One of the most worrisome things a woman can face is the loss of her hair, which typically occurs over a long period of time. The condition is often first noticed as more strands of hair than usual showing up in the hairbrush, or washing down the shower drain. Over time, what first appears as a slightly larger part in the center of the scalp, turns into a huge thin area where the scalp is easily seen through the hair. For some women, this is as far as it goes, and they never completely lose their hair. For others, the condition progresses until they are completely bald.
Hair loss is often called alopecia and is sometimes even referred to as ‘female pattern baldness’, similar to the baldness suffered by many males as they age. The difference is that in females, the problem doesn’t necessarily strike only aging women. It can, in fact, occur at any time after the woman reaches adulthood, often beginning in her late teens and carrying on for decades. For this reason, the hair loss is often associated with hormonal imbalances, many of which start before the woman gets into her twenties.
There are a variety of health issues that cause hair loss in women. Thyroid disease, for example, causes an overactive or underactive thyroid, both of which make hair dry, brittle, and cause it to fall out. Polycystic ovary syndrome, (PCOS) creates hormonal imbalances that cause hair loss from the head while encouraging hair growth on the body and face, and lupus causes hair to fall but it eventually grows back again. Pituitary gland diseases also cause hair loss as one of the symptoms, as does HIV/AIDS, and chronic anemia.

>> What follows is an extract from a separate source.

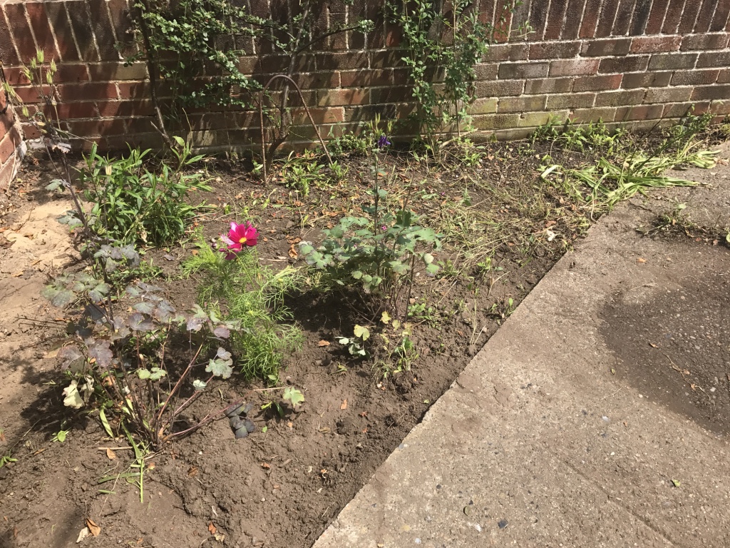 The house renovation is coming along well – mainly because M.I.D is a DIY genius and can turn his hand to almost anything. So far he has pulled up all the horrible carpets, ripped out the grubby kitchen units, stripped all of the wallpaper and removed a hideous lean-too and dangerous greenhouse. Give him a power tool and a project and he is at his happiest and I rather traditionally (for me) am resigned to dog walking, tea making and attempting the garden.

Treatment for cancer is another cause of baldness for both sexes, and although this is not associated with hormonal imbalances, the hair loss can sometimes be permanent, depending on the type of treatment used and the severity of the disease. Often, in cancer patients, the hair grows back after a round of treatment is completed. But for most women sufferers, hair loss is a gradual problem that doesn’t reverse itself until the underlying cause is treated. In the case of anemia, the problem has to be long-term in order for the hair to be affected. Treatment usually involves an iron-rich diet or the addition of iron supplements.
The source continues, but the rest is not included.